Second, Hotmail will send a secret code via SMS to your cell phone that can be used to reset the password of your cracked account.

So, if you still use Hotmail login to your account(s) and ensure it has all the details required to allow you to recover your account in the future because you know it wil happen.

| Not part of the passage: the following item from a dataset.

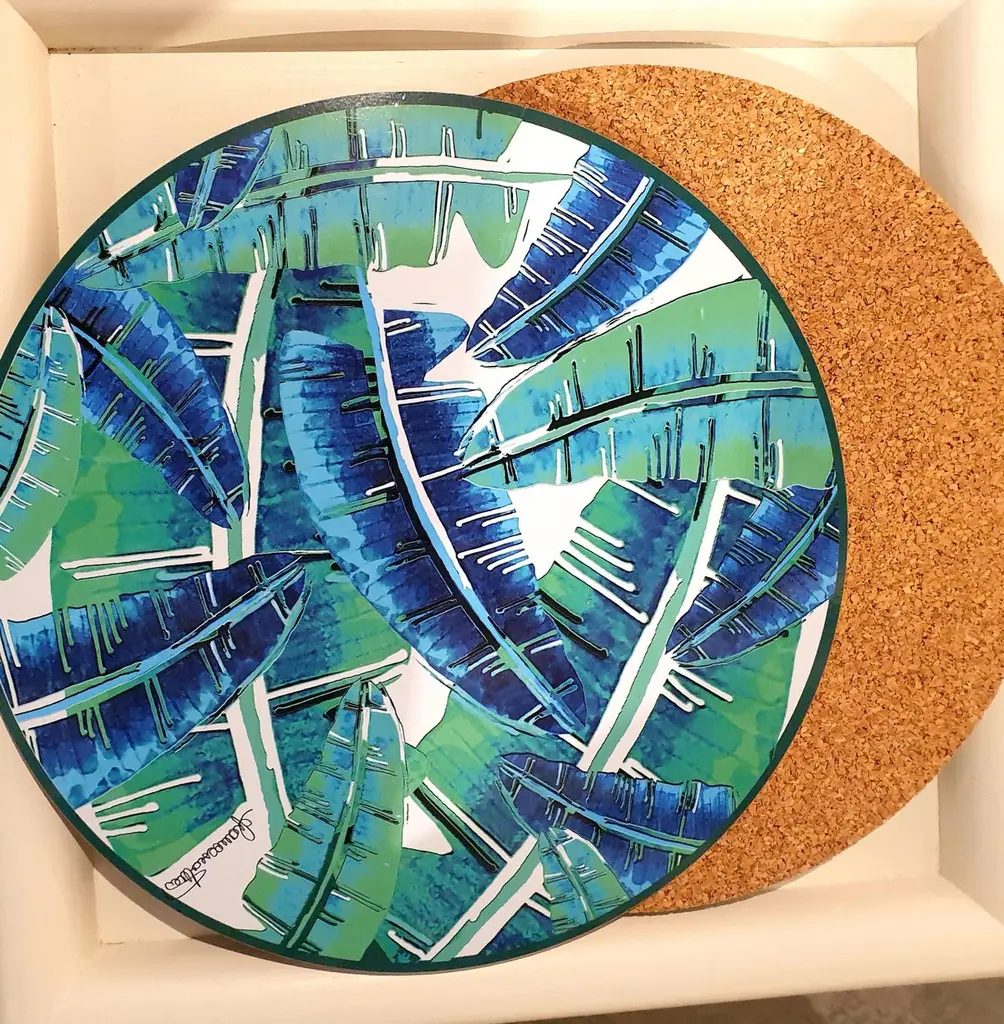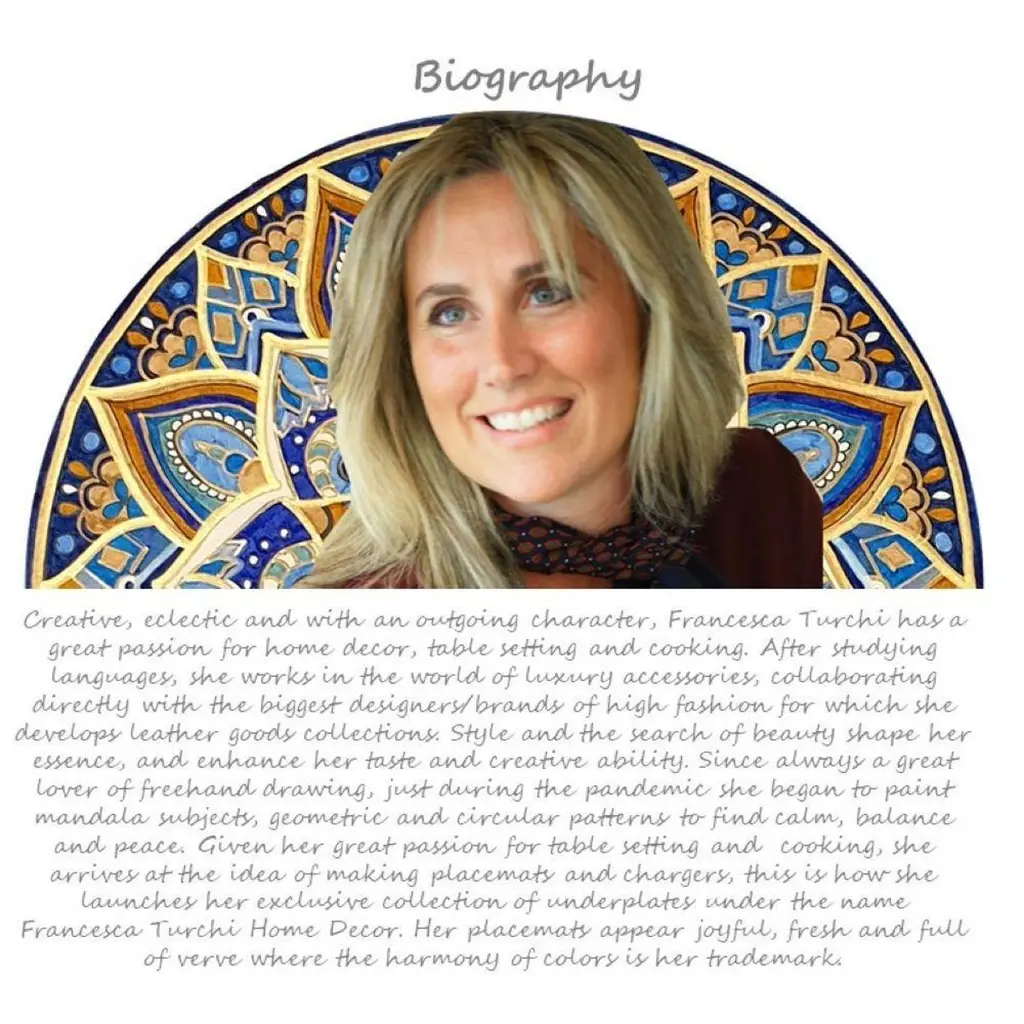 This series of elegant and super stylish underplates are the result of the collaboration of Artecornici Design together with the designer Francesca Turchi.There are many graphics designs, shapes and colors available, as you can see in our Storefront.It is possible on request to mix colors and graphics.The graphic composition, entirely hand-drawn, is printed on the base. The underplate has a very shiny finish, bright, the colors are so highlighted to the maximum optimizing the graphic rendering that reproduces exactly the original design. This finish also has a very high resistance to heat, making the plate useful as a trivet.It is a highly crafted product made from a panel of wood fiber with cork base. The product is strictly natural and 100% made in Italy. Being designs expressly made for these shapes/measures, every design is centered on the underplate making each manual step and each underplate unique in its realization. Easily cleaned with a damp cloth, for decorative use, although very resistant it is not recommended to cut food.The 4mm thick underplates are doubled with a thin layer of cork previously treated to be more resistant and insulating. This layer is always applied with a strictly manual processing that allows grip on the surfaces resulting pleasant to the touch. The customization with logo is centered and clearly visible.It 's a very versatile material and widely used in various fields, but absolutely innovative for its use as placemats that I personally introduced on the market, along with the double-sided printing (with my logo) to create a product completely "double-face", application of which I'm getting the patent.It is a panel composed of 2 very thin aluminum foils that enclose a core of polyethylene. The material is: lightweight, durable, stable, smooth, versatile but above all totally RECYCLABLE! For decorative use, easily washed with a damp cloth, heat resistant and self-extinguishing.Particularly suitable for printing, which exalts and faithfully reproduces the smallest details. The protective coating is semi-glossy and "material", protecting the print but at the same time emphasizing the lines of the design that are perceived by the touch, enhancing its craftsmanship.Moreover, its great versatility in processing allows to produce different shaped forms that follow the lines of the design, also reproducing their irregularity, considered a "uniqueness" that makes the product exclusive and not mass-produced!With over 40 years of experience, Artecornici Design creates high quality frames and handcrafted products to decorate yours using precious woods and working with various types of finishes, offering a vast choice of models.

Posted by Matthew Carrick at 12:30.25 PM EDT | Permanent Link

| Categories: Headlines, Mobile, Online Apps, Privacy Issues

Monday, July 05, 2010

Critical Microsoft Fixit

Bill has announced that an unpatched critical security hole in Windows XP operating systems is a genuine threat. A temporary patch using Microsoft Fix it is available here - after the .msi file downloads double-click it and the install is self-explanatory. Users who apply this patch will not need to uninstall it before applying the official patch when it becomes available towards the middle of July.

Sunday, May 23, 2010

Facebook Privacy Widget

This is a lovely Firefox Add-on that attempts to check and then offer to fix all your rogue Facebook settings. Krebs on Security reports on a study that found most of the Firefox crashes were do to crappy Facebook applications :(
Posted by Matthew Carrick at 10:35.59 PM EDT | Permanent Link

| Categories: Firefox Extensions, Online Apps, Privacy Issues

Friday, May 07, 2010

Facebook IP Leak

It appears emails sent from facebook contain enough info that it is possible to geo-locate a sender The details are here.
Posted by Matthew Carrick at 9:01.44 PM EDT | Permanent Link

| Categories: Online Apps, Privacy Issues

Thursday, May 06, 2010

Facebook f**k up

Oops. Facebook's new Open Graph API is leaking sez PC World. It's security breaches such as these that will cause problems because of the interrelationship between so many disparate applications and the general mass of users who never check settings. If people don't start taking security seriously before a problem develops the cost and effort to fix the problem could be very high indeed.